BB, along with what Jrob78 posted is that manufacturers use different materials, carbon fiber, scrim materials, resin compounds to build their rods, this makes it nearly impossible to develop and industry standard, about the best you can hope for is that rods built by the same manufacturer are consistant.

I'm struggling with this point....

 

Materials aside, the terms power and action, as used by most who have contributed here, apply to flex, arc, physical shape, response to force, etc.  All of which should be measurable regardless of material.  I'm no mathematician or engineer, but I'm 99% certain that a standard for the commonly accepted terms of 'power' and 'action' could be developed.....IF the 'industry' wanted to.


fishing user avatarpoisonokie reply : 

Yeah, but each rod maker has a certain idea about what those ratings should represent, so standardizing it across the industry might serve to alienate their customer base. That's part of what sets a brand apart from others. Daiwa guys don't want a rod that feels like a Loomis and vise versa. Different materials and production processes will yield rods with different characteristics even if the rod taper remains the same. Tackle Tour's RoD wrack is a great representation of that.

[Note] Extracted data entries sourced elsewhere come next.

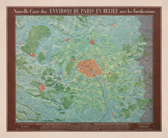 Sumérgete en la rica historia de la capital francesa con este cautivador mapa en relieve antiguo de París, meticulosamente elaborado por el renombrado cartógrafo Georg Bauerkeller a mediados del siglo XIX. Esta obra maestra cartográfica antigua no solo muestra la ciudad de París, sino que también detalla detalladamente las regiones circundantes, presentando una instantánea vívida del área durante una época de grandes cambios e innovación. Con sus intrincados detalles y su significado histórico, este mapa es imprescindible para los entusiastas de la historia, los aficionados a la cartografía y los amantes de París por igual.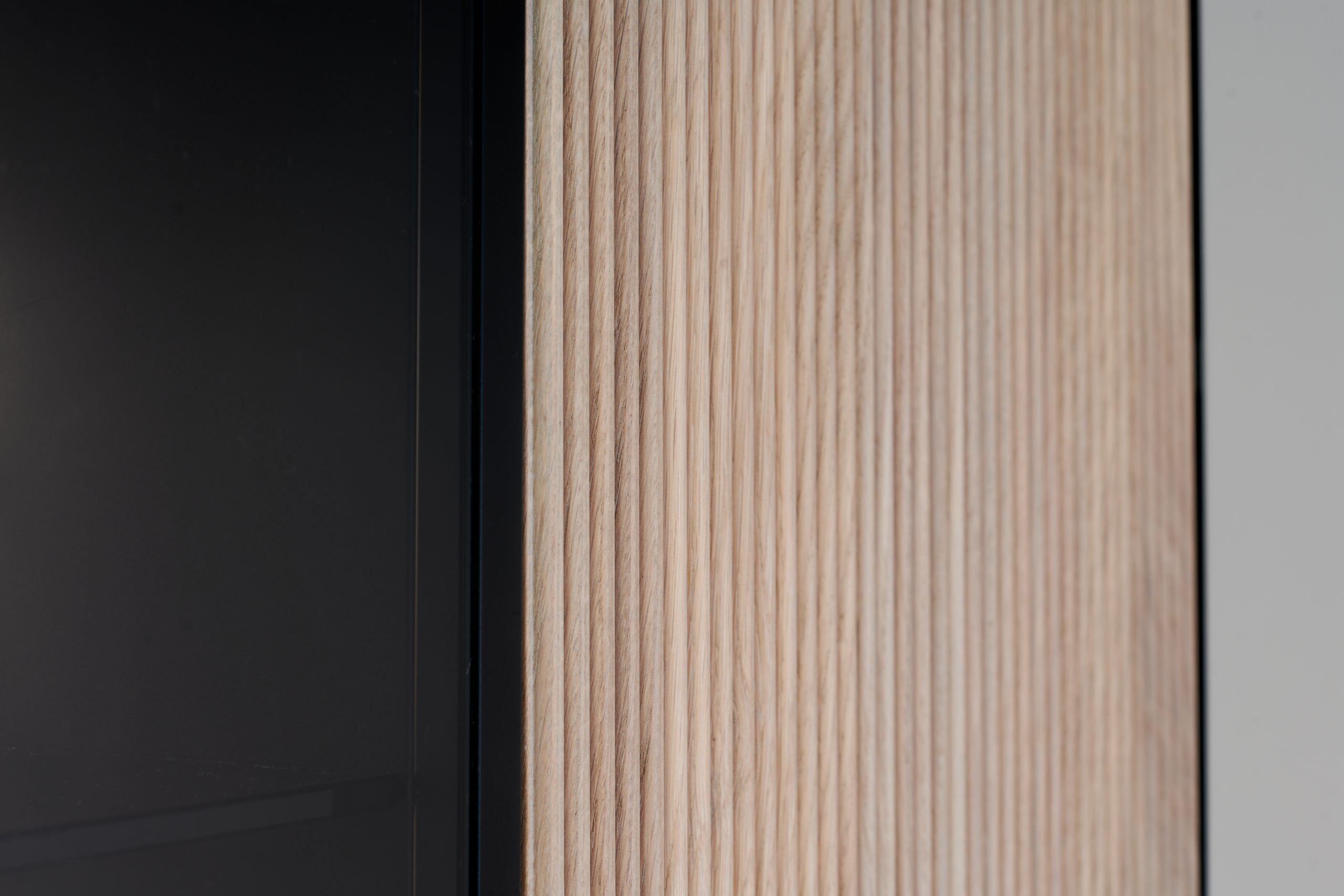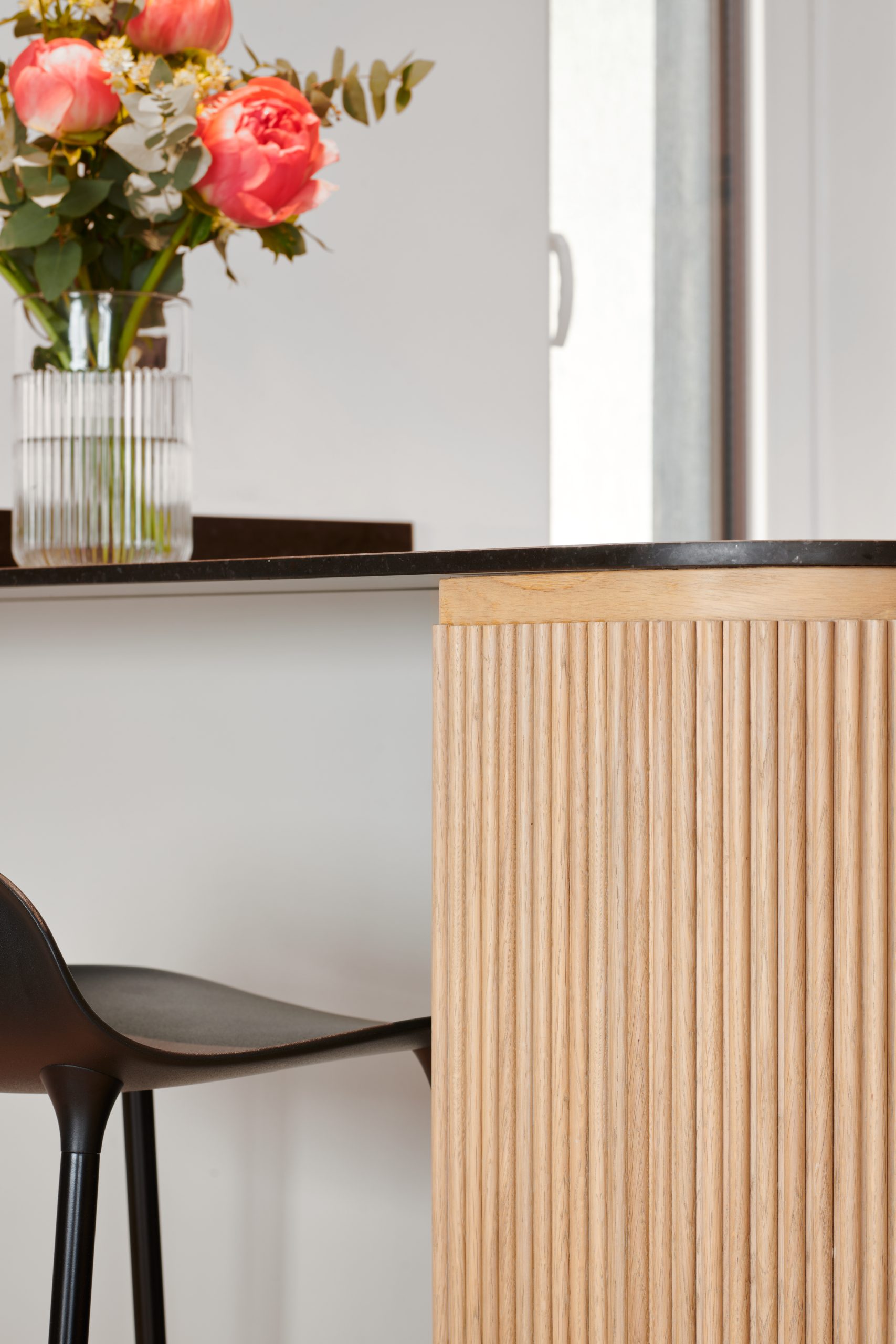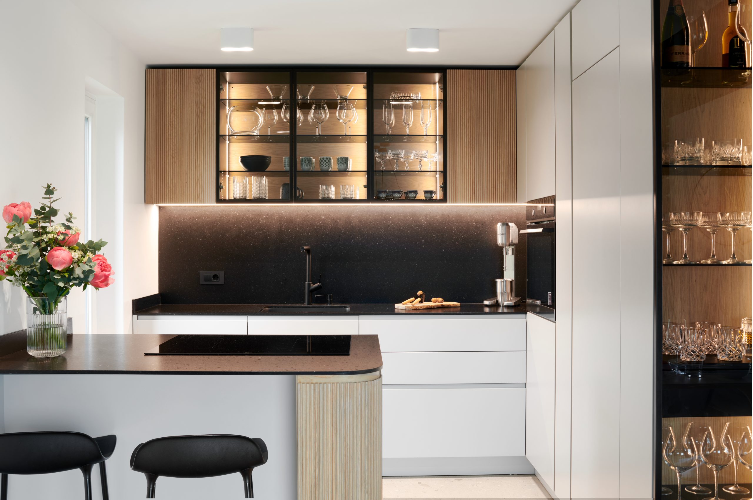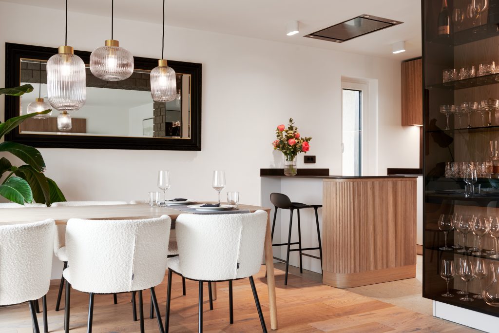 Kuhinja s pol barskim otokom in jedilnica predstavljata osrednji prostor za druženje s prijatelji in pripravo hrane. Kuhinjski pult in ozadje je izdelan iz tehničnega kamna v temni barvi, ki poudari lesene rezkane fronte omaric in svetlo kuhinjo. Na steno v jedilnici smo umestili ogledalo, ki sta ga naročnika želela ohraniti in s tem povečali občutek jedilnega kot. Topla ambientalna osvetlitev za ogledalom in v vitrini ob večernih druženjih pričara prijetno vzdušje.
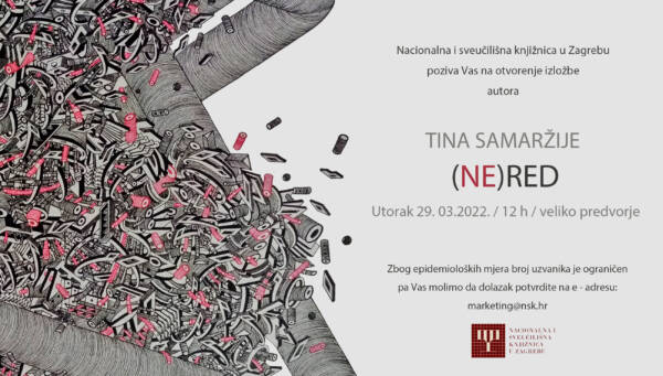 Otvorenje izložbe “(Ne)red”, autora Tina Samaržije u utorak, 29.ožujka 2022. u 12 sati u Nacionalnoj i sveučilišnoj knjižnici, Ulica Hrvatske bratske zajednice 4, Zagreb.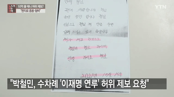 10일 밤 늦게 YTN이 박철민씨가 지난 8월부터 이준석 전 대표와 그의 변호사에게 보낸 7~8통의 서신 중 일부를 입수해 공개했다. 박씨는 현재 공갈 등의 혐의로 징역 4년 6개월을 선고받고 수원 구치소에 수감 중이다.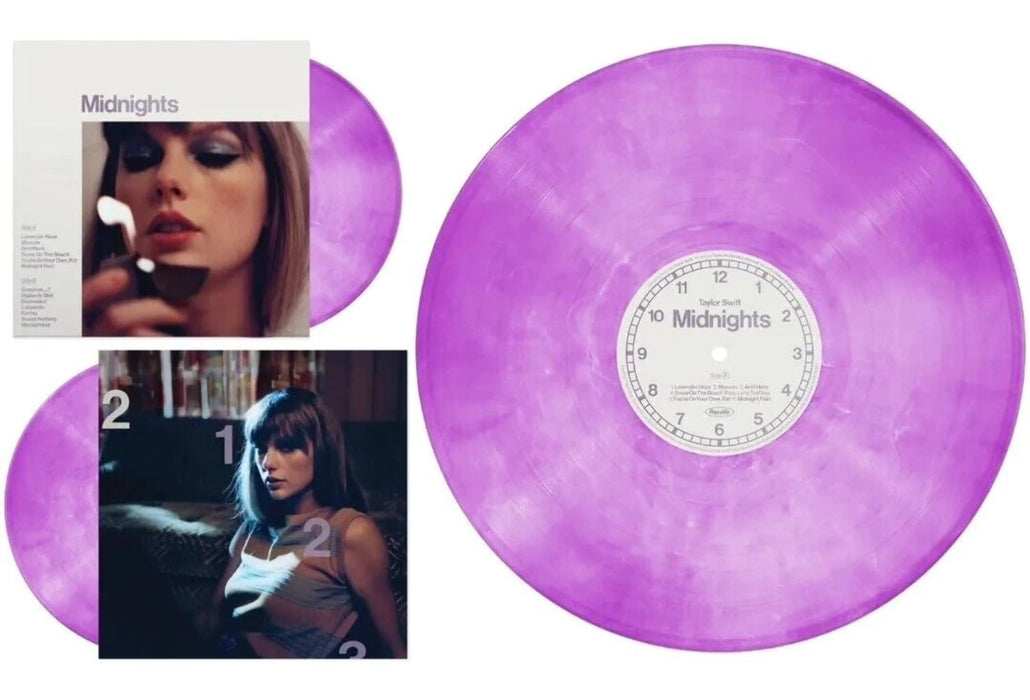 The album Midnights by Taylor Swift on Love Potion Purple Marbled Vinyl. This is an Exclusive Limited Edition Color Variant.

fishing user avatarMolay1292 reply : 
  On 10/6/2015 at 9:21 PM, Choporoz said:

I'm struggling with this point....

 

Materials aside, the terms power and action, as used by most who have contributed here, apply to flex, arc, physical shape, response to force, etc.  All of which should be measurable regardless of material.  I'm no mathematician or engineer, but I'm 99% certain that a standard for the commonly accepted terms of 'power' and 'action' could be developed.....IF the 'industry' wanted to.

 

I don't disagree with what you have said.  I will add this, do you think it would be better to have the industry comply with a rigid set of standards that may eliminate some of the individualism and creativeness, or, develop a new method of rating rods that would better describe how each rod performs to a given set of standards.